Sobre el particular, en la sentencia T-1012 de 1999 esta Corporación precisó lo siguiente al ocuparse del caso de una tutela interpuesta por un familiar de una persona secuestrada que se oponía a los cobros que le hacía una entidad bancaria como resultado de un crédito contraído entre el banco y el secuestrado: “[…] son dos los requisitos exigidos para la prosperidad de la agencia oficiosa: la manifestación de que se actúa como agente oficioso de otra persona y, la imposibilidad de ésta de promover directamente la acción constitucional.

¿Pero que sucede si en el escrito de tutela no se manifiesta en forma expresa que se están agenciando derechos de personas que se encuentran imposibilitadas para acudir a un proceso que afecta sus derechos, circunstancia ésta que se encuentra debidamente acreditada en el caso sub examine, pero, del contenido mismo de la demanda de tutela, se concluye que se actúa en nombre de otro? Considera la Corte que al juez constitucional le compete dentro del ámbito de sus funciones realizar una interpretación del escrito de tutela, en aras de brindar una protección efectiva de los derechos fundamentales que se estiman vulnerados.
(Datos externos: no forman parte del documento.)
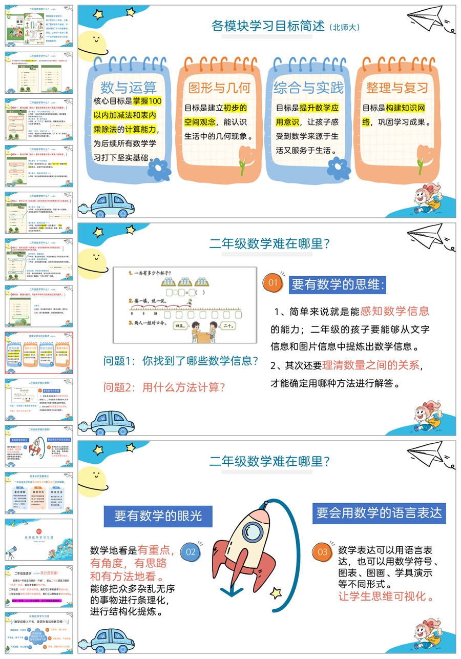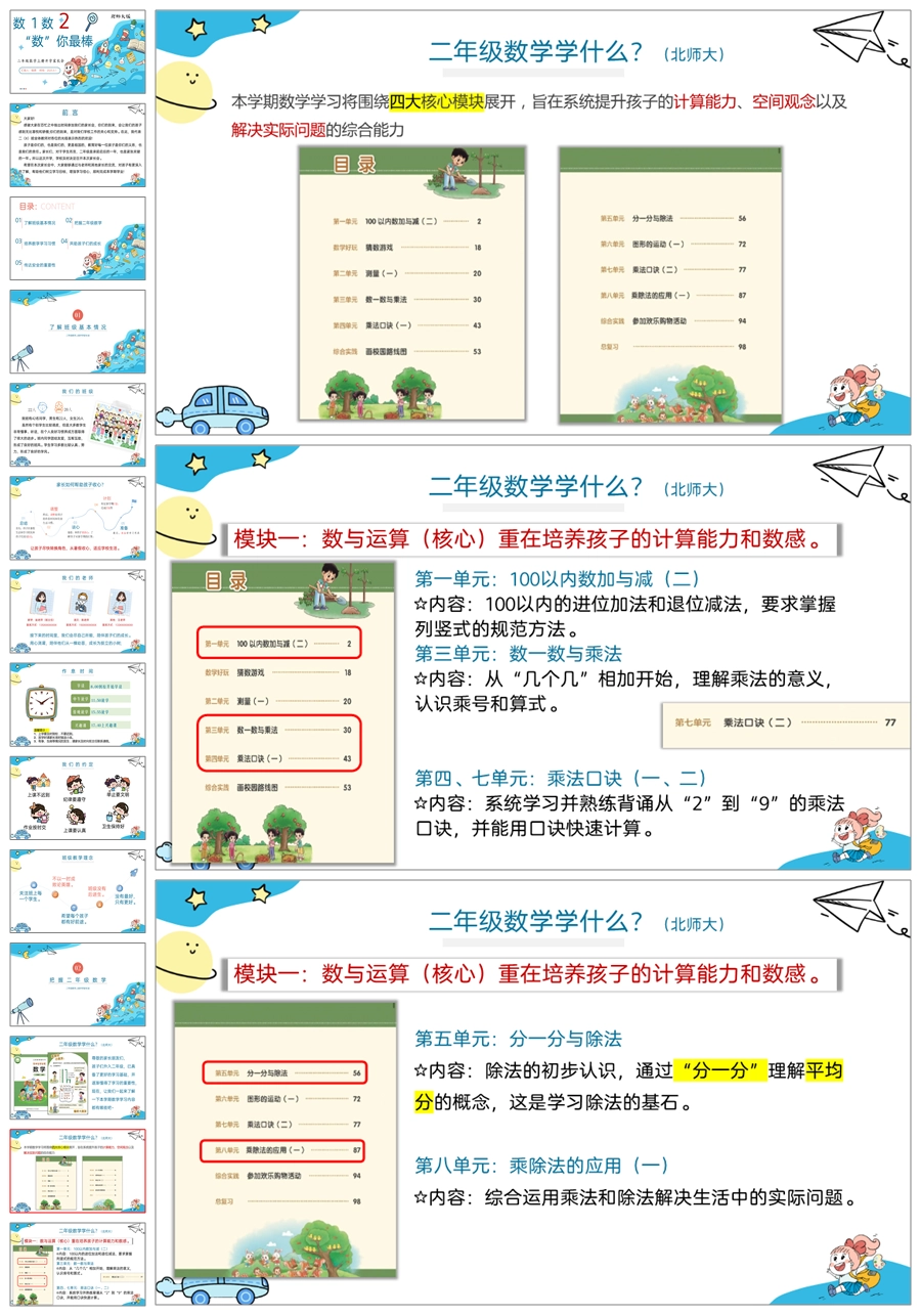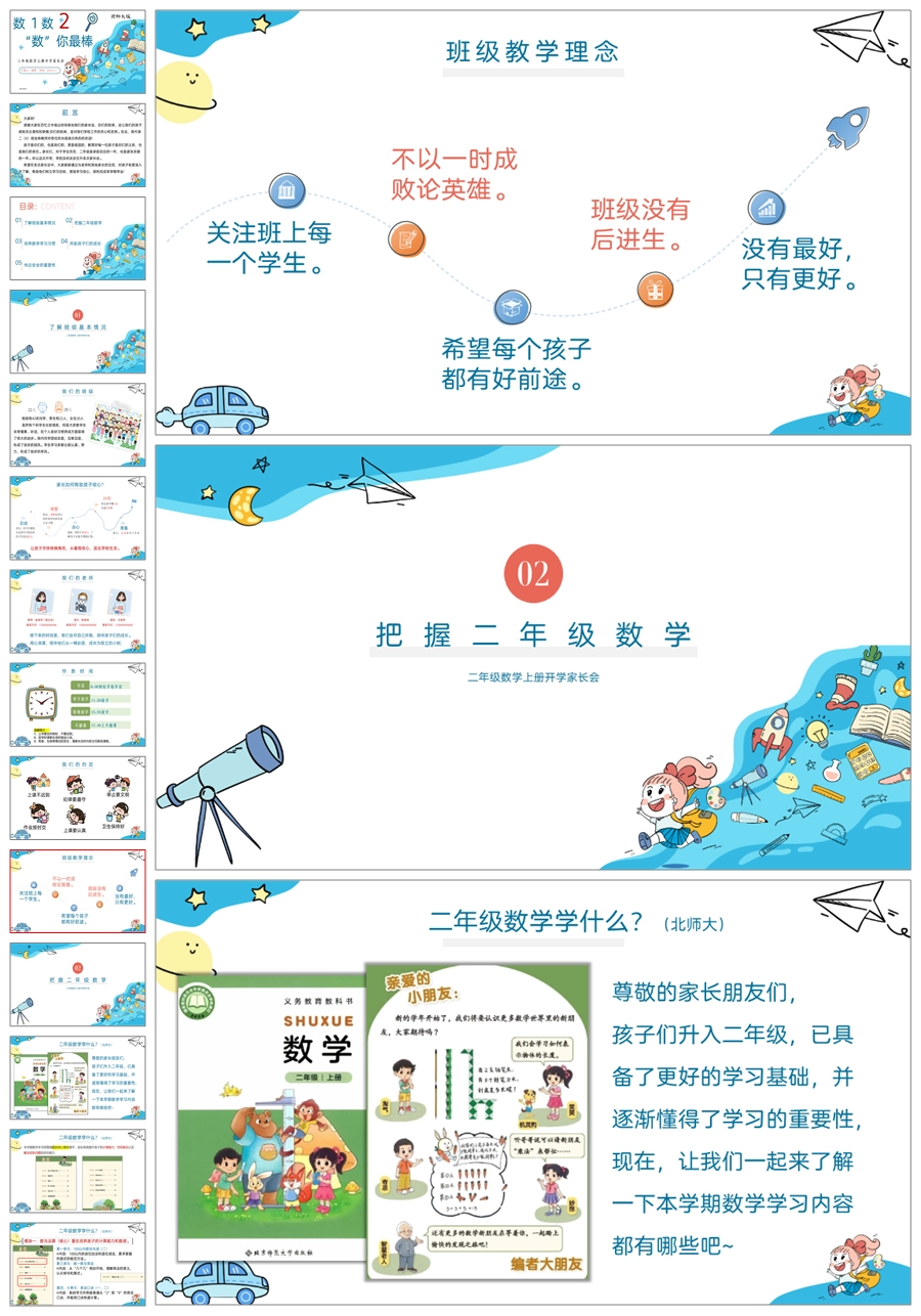 【5275】【二上】数学【数1数2 数你最棒】二年级上学期开学家长会-北师大PPT课件+发言稿

Precisamente, uno de los avances más relevantes de la Constitución Política, consiste en hacer prevalecer la realidad sobre las formas, con el fin de evitar que los derechos fundamentales y las garantías sociales, se conviertan en enunciados abstractos, como expresamente lo ordena la Carta Política en su artículo 228.” 3.5. En concordancia con lo anterior, la Corte Constitucional ha señalado que, además de tener en cuenta los requisitos de la agencia oficiosa, el análisis en sede de tutela siempre debe ir guiado bajo tres principios fundamentales: (i) la eficacia de los derechos fundamentales;

(ii) la prevalencia del derecho sustancial sobre el procesal, y (iii) la solidaridad en la defensa de los derechos fundamentales de quienes no están en condiciones de defenderse por sí mismos. (Negrillas y resaltado del Tribunal). Del análisis armónico de la disposición referida y de los lineamientos de la jurisprudencia frente a la situación que se presenta en el caso que se examina, se advierte que el señor LUIS GABRIEL IDÁRRAGA CUBILLOS, quien realizó la presentación personal de la demanda de tutela, no se encuentra facultado para dicho efecto, pues no es el titular del derecho fundamental que se considera vulnerado y cuya protección se invoca; tampoco ostenta la calidad de representante legal, apoderado o agente oficioso del actor.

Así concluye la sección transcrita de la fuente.